It is said to represent a “cosmic constant” found in the curvature of elephant tusks, the shape of a kudu’s horn, the destructive beauty of Hurricane Katrina, and in the astronomical grandeur of how planets, moons, asteroids and rings are distributed in the solar system, to name but a few.
Now, researchers from the Universities of the Witwatersrand and Pretoria are also suggesting that the “Golden Ratio” – designated by the Greek symbol ∅ (letter Phi) with a mathematical value of about 1.618 – also relates to the topology of space-time, and to a biological species constant (T).
Jan Boeyens, a former Wits University Professor and now at the Centre for Advancement of Scholarship at the University of Pretoria, and Professor Francis Thackeray, a palaeontologist at Wits University’s Evolutionary Studies Institute, present their latest research in scientific correspondence, titled: Number theory and the unity of science, published online in the South African Journal of Science (SAJS) on Wednesday, 26 November 2014. Read the article here.

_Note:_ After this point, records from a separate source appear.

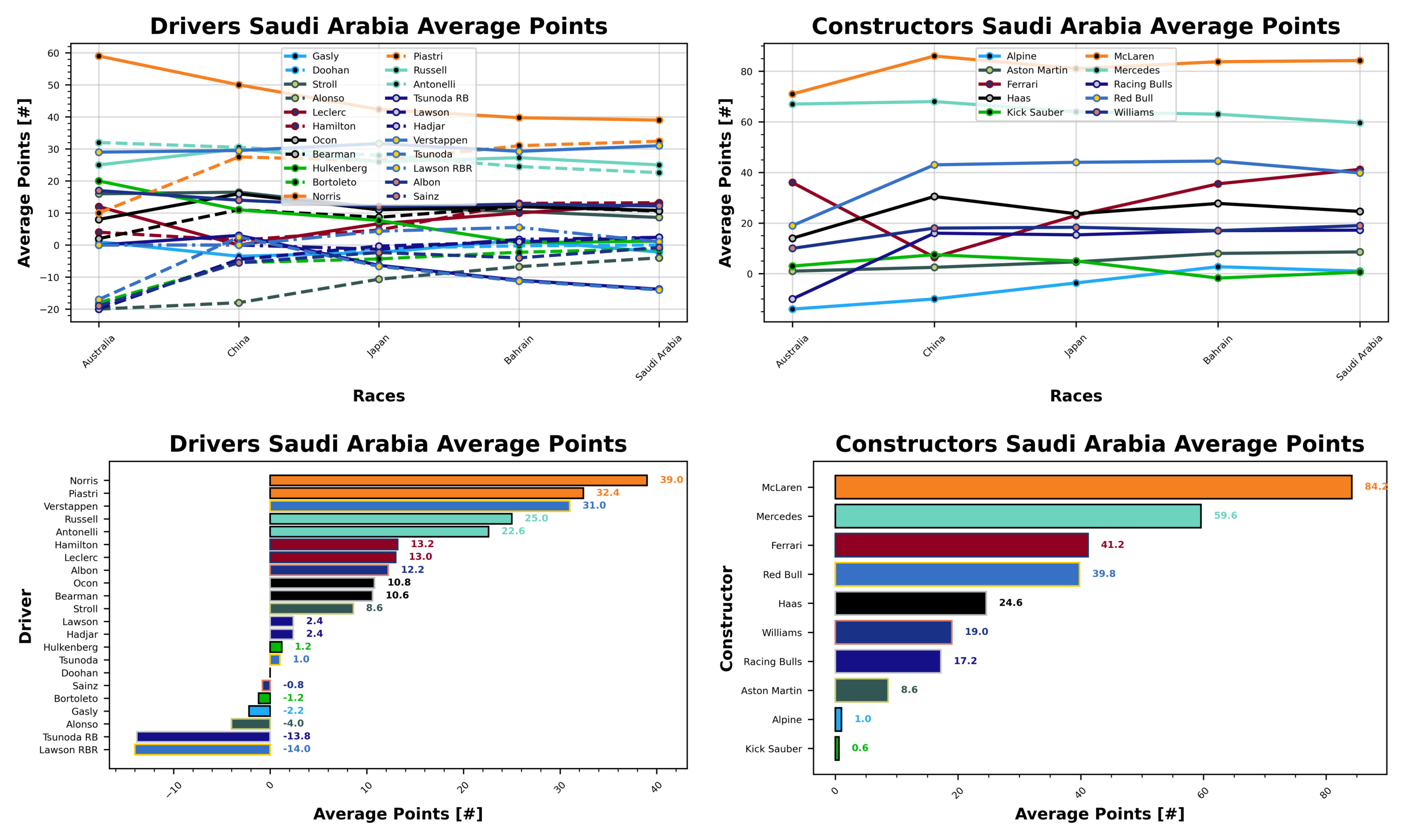 Championship leader, Lando Norris’ average points tally is trending downwards as he suffers another average week in the standings. He now sits at 39 points per race. Oscar Piastri is sitting at 32.4 points per race, ahead of Max Verstappen with 31 points per race. George Russell has 25 points per race, ahead of teammate Kimi Antonelli with 22.6 points per race. Fernando is showing signs of improvements lately, he is now averaging a loss of 4 points per race, behind Pierre Gasly with -2.2 points per race. Gabriel Bortoleto next who is pulling in -1.2 points per race behind Carlos Sainz with -0.8 points per race. Jack Doohan has averaged 0 points per race to round out the bottom five.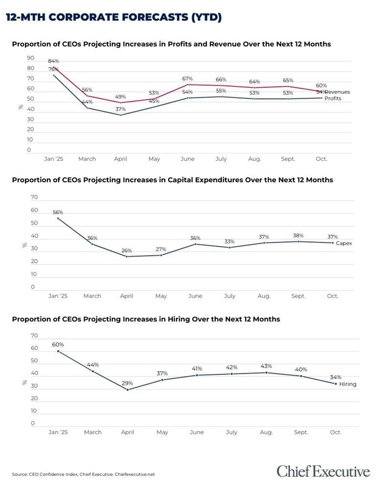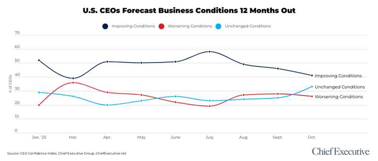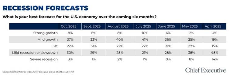 “Uncertainty coupled with fears of a market correction make it tough to foretell an upbeat forecast,” mentioned one CEO within the know-how area. “Nonetheless not clear what impression tariffs, authorities shutdown, lackluster job numbers, continued inflation, lack of immigrant staff and different components may have.”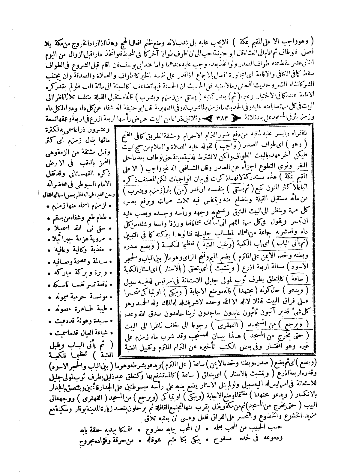 (ثُمَّ يَسْتَقِي) بِنَفْسِهِ إنْ قَدَرَ (مِنْ) بِئْرِ (زَمْزَمَ وَيَشْرَبُ) مِنْ مَائِهِ مُسْتَقْبِلَ الْقِبْلَةِ وَيَتَضَلَّعُ مِنْهُ وَيَتَنَفَّسُ فِيهِ ثَلَاثَ مَرَّاتٍ وَيَرْفَعُ بَصَرَهُ كُلَّ مَرَّةٍ وَيَنْظُرُ إلَى الْبَيْتِ الْعَتِيقِ وَيَمْسَحُ بِهِ وَجْهَهُ وَرَأْسَهُ وَجَسَدَهُ وَيَصُبُّ عَلَيْهِ إنْ تَيَسَّرَ وَيَقُولُ فِي كُلِّ مَرَّةٍ: اللَّهُمَّ إنِّي أَسْأَلُكَ عِلْمًا نَافِعًا وَرِزْقًا وَاسِعًا وَشِفَاءً مِنْ كُلِّ دَاءٍ وَقَدْ شَرِبَهُ جَمَاعَةٌ مِنْ الْعُلَمَاءِ لِمَطَالِبَ جَلِيلَةٍ فَنَالُوهَا بِبَرَكَتِهِ كَمَا فِي التَّبْيِينِ (ثُمَّ يَأْتِي الْبَابَ) أَيْ بَابَ الْكَعْبَةِ (وَيُقَبِّلُ الْعَتَبَةَ) تَعْظِيمًا لِلْكَعْبَةِ (وَيَضَعُ صَدْرَهُ وَبَطْنَهُ وَخَدَّهُ الْأَيْمَنَ عَلَى الْمُلْتَزَمِ) بِضَمِّ الْمِيمِ وَفَتْحِ الزَّايِ وَهُوَ مَا (بَيْنَ الْبَابِ وَالْحَجَرِ الْأَسْوَدِ) مَسَافَةُ أَرْبَعَةِ أَذْرُعٍ (وَيَتَشَبَّثُ) أَيْ يَتَعَلَّقُ (بِالْأَسْتَارِ) أَيْ أَسْتَارِ الْكَعْبَةِ (سَاعَةً) كَالْمُتَعَلِّقِ بِطَرَفِ ثَوْبٍ لِمَوْلًى جَلِيلٍ لِلِاسْتِعَانَةِ فِي أَمْرٍ لَيْسَ لَهُ فِيهِ سَبِيلٌ (وَيَدْعُو) حَالَ كَوْنِهِ (مُجْتَهِدًا) فَإِنَّهُ مَوْضِعُ الْإِجَابَةِ (وَيَبْكِي) أَوْ يَتَبَاكَى مُتَحَسِّرًا عَلَى فِرَاقِ الْبَيْتِ قَائِلًا: لَا إلَهَ إلَّا اللَّهُ وَحْدَهُ لَا شَرِيكَ لَهُ لَهُ الْمُلْكُ وَلَهُ الْحَمْدُ وَهُوَ عَلَى كُلِّ شَيْءٍ قَدِيرٌ آيِبُونَ تَائِبُونَ عَابِدُونَ سَاجِدُونَ لِرَبِّنَا حَامِدُونَ صَدَقَ اللَّهُ وَعْدَهُ (وَيَرْجِعُ) مِنْ الْمَسْجِدِ (الْقَهْقَرَى) رُجُوعًا إلَى خَلْفٍ نَاظِرًا إلَى الْبَيْتِ (حَتَّى يَخْرُجَ مِنْ الْمَسْجِدِ) هَذَا بَيَانٌ لِلْمُسْتَحَبِّ وَقَدْ شَرِبَ مَاءَ زَمْزَمَ عَلَى غَيْرِهِ وَهُوَ الْمُخْتَارُ.

Boeyens and Thackeray have a shared interest in how the Golden Ratio is expressed, from the spiral structure of the cochlea ear-bone in a 2-million-year-old fossil hominin from the Cradle of Humankind World Heritage Site in South Africa; to the logarithmic spirals of inter-stellar galaxies, the structure of DNA, the growth of many plants, and even in the Periodic Table of the elements.
Thackeray investigates whether 1.61 is present in biology as an approximation of the absolute mean value of a hypothesised species constant (T) – associated not only with living species of mammals, birds, reptiles, insects and beetles, but also with extinct species (Australopithecus, Paranthropus and early Homo).
His argument is based on statistical analysis of measurements obtained from animals of the same species, whether vertebrates or invertebrates. “Zoologists and palaeontologists recognise the number 1.618 in the logarithmic spiral in the growth of mammalian ear structures (the cochlea), whether in modern humans or in australopithecines about 2 million years old. They recognise the same number in the growth structures of the spiral shells of certain molluscs. In addition, they identify the same value for spiral growth structures of fossil ammonites more than 65 million years old,” Thackeray explains.
Boeyens researches questions that relate to the mathematical number (1.618) in the context of chemistry, physics, space-time, relativity and quantum mechanics. Meteorologists recognise the number 1.618 in the spiral structure of hurricanes, while astronomers claim that the structure of certain spiral galaxies can also be identified with Phi.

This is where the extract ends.